Aliya

Black Women’s Equal Pay: Aliya Allen

This is a guest post that is part of a series featuring women leaders for Black Women’s Equal Pay Day, which falls on August 7, 2018.

Aliya Allen, Treasurer & Co-Chair, Fundraising Committee, Women of Color for Progress


Its 2018 and I still have friends and family that make comments like “Does it always have to be about race or a women vs. men thing.” As if the system that affects my life on a daily basis is some unnamed, unidentified, illusive thing.

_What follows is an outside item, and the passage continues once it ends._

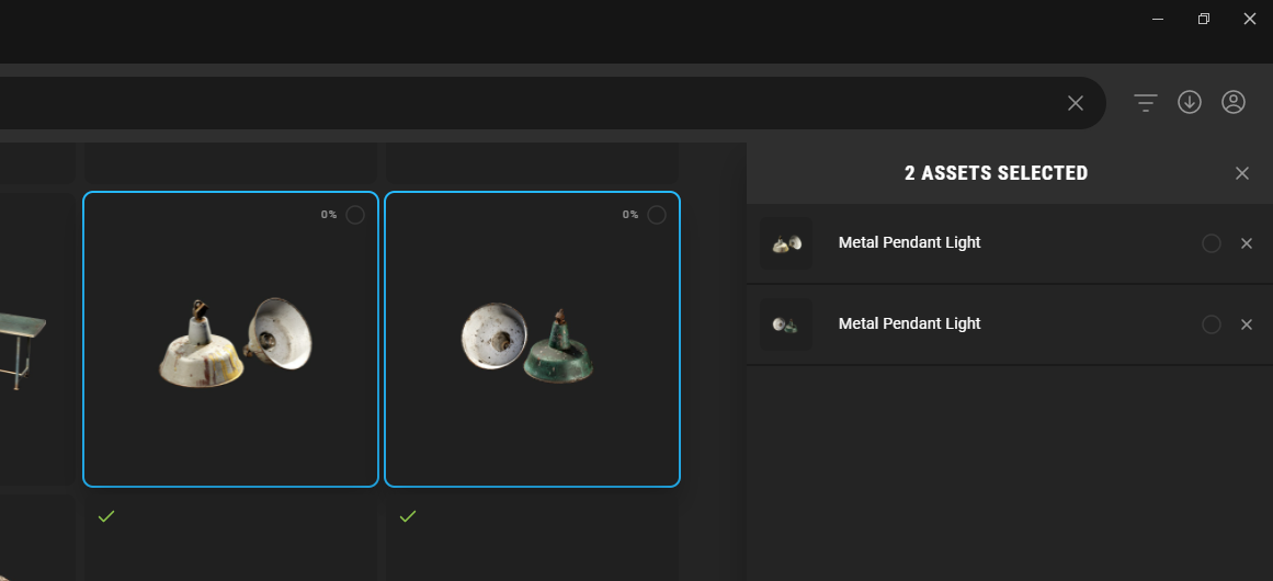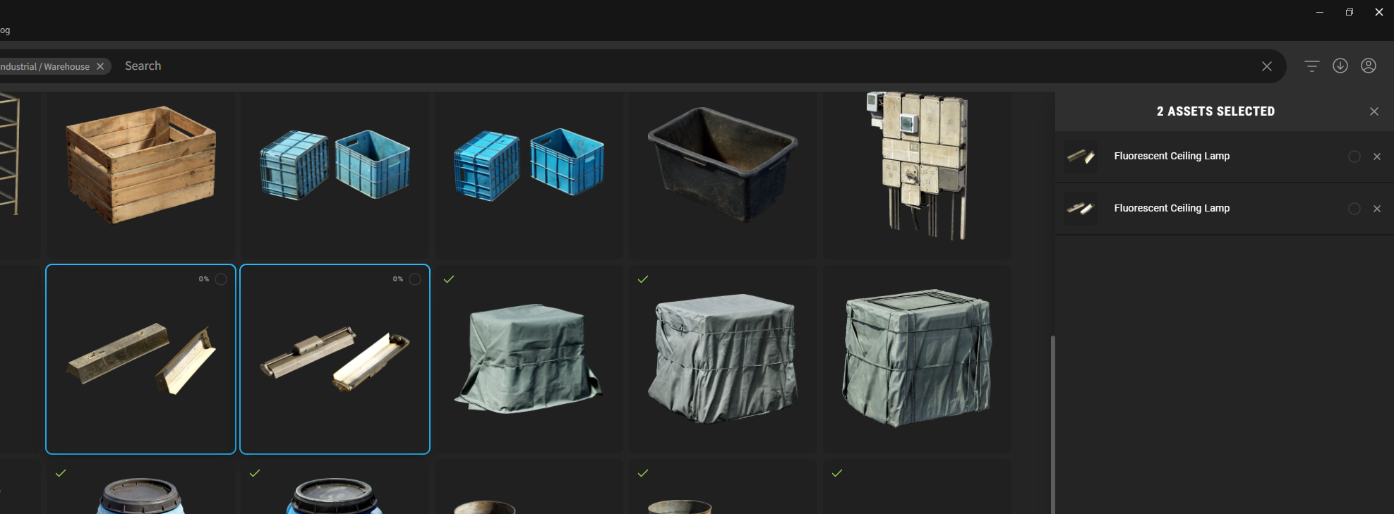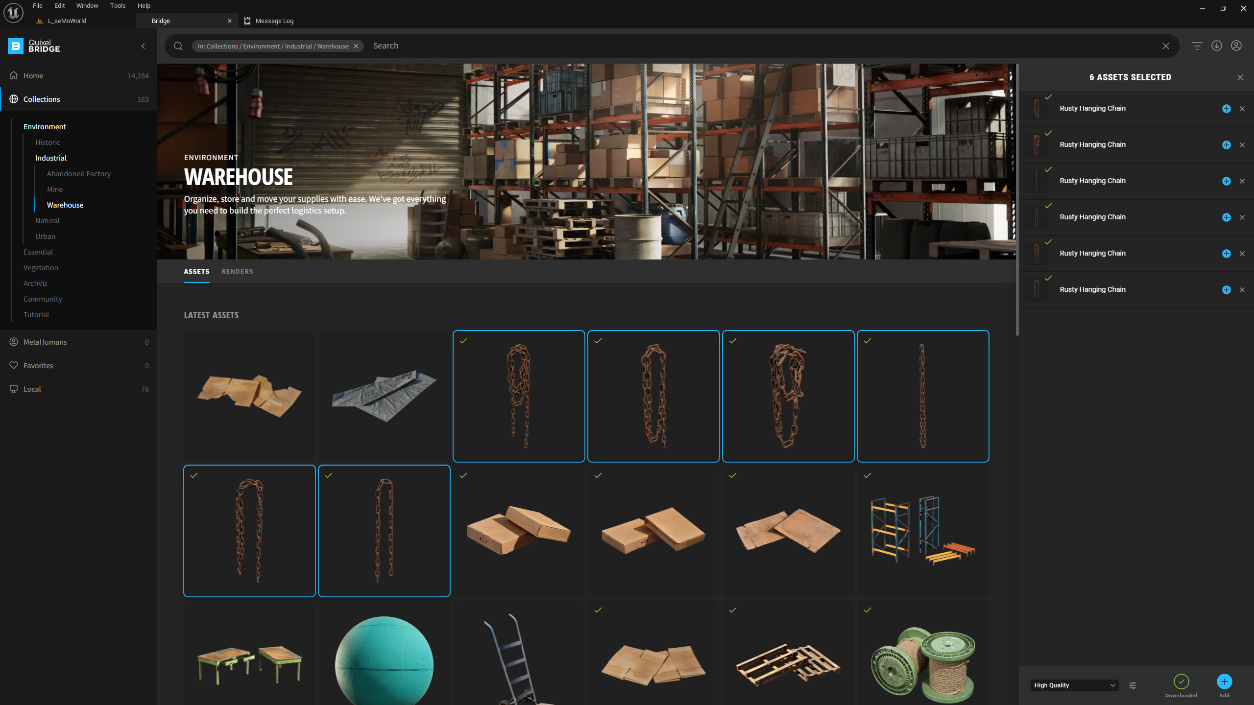 조명을 쇠사슬에 걸어 배치할 것이므로 Quixel Bridge > Collections 에서 Warehouse를 검색한 후 나오는 쇠사슬들을 다운받자.
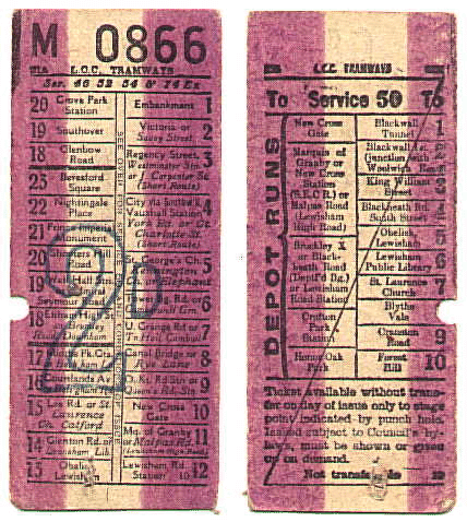 Services 46, 50 52, 54, & 74 ex. These services shared parts of the route with each other. On the back of the ticket can be some of the fare stages used on depot runs. The trams were in service when travelling 'off route' to the depots, through fares to destinations on the usual route could be paid for. 46..Beresford Square, Woolwich - City via Southwark. 52. Grove Park Station - City via Southwark. 54. Grove Park Station - Victoria Station. 74. Downham, Bromley Road - Blackfriars Ticket from Steve Thoroughgood. |

In 2018, men of color still say things like “Black women are “agents” of white men.” They resentfully scoff at the record numbers of black women that are collegiate graduates and entrepreneurs, as if that’s proof we’re winning some hypothetical “struggle contest.” It’s so painful to listen to them talk; the same people that laud my personal successes. An individual, by myself not threatening to their masculinity. Our communities expect us to continue to accept the invisibility and its traumatic affects.

In 2018 black women are still quantified as less human, valued at $.61 on the dollar. These statistics are eerily reminiscent of time that hasn’t seem to have passed, which categorized black people as a third of a human.Equal Pay Day reminds me of our WHY. See we are graduating in record numbers because we do not have the luxury of being under qualified AND over paid. Even with these personal and collective achievements we are still being paid $.38 less than white men and $.21 less than white women. Our resumes are being discarded before they are even read. We have to fight to keep the $.61 on the dollar we are receiving, while combating inaccessible health care and lack of affordable housing. We’re opening our own businesses because the truth is, if we won’t receive equity, we’ll make it.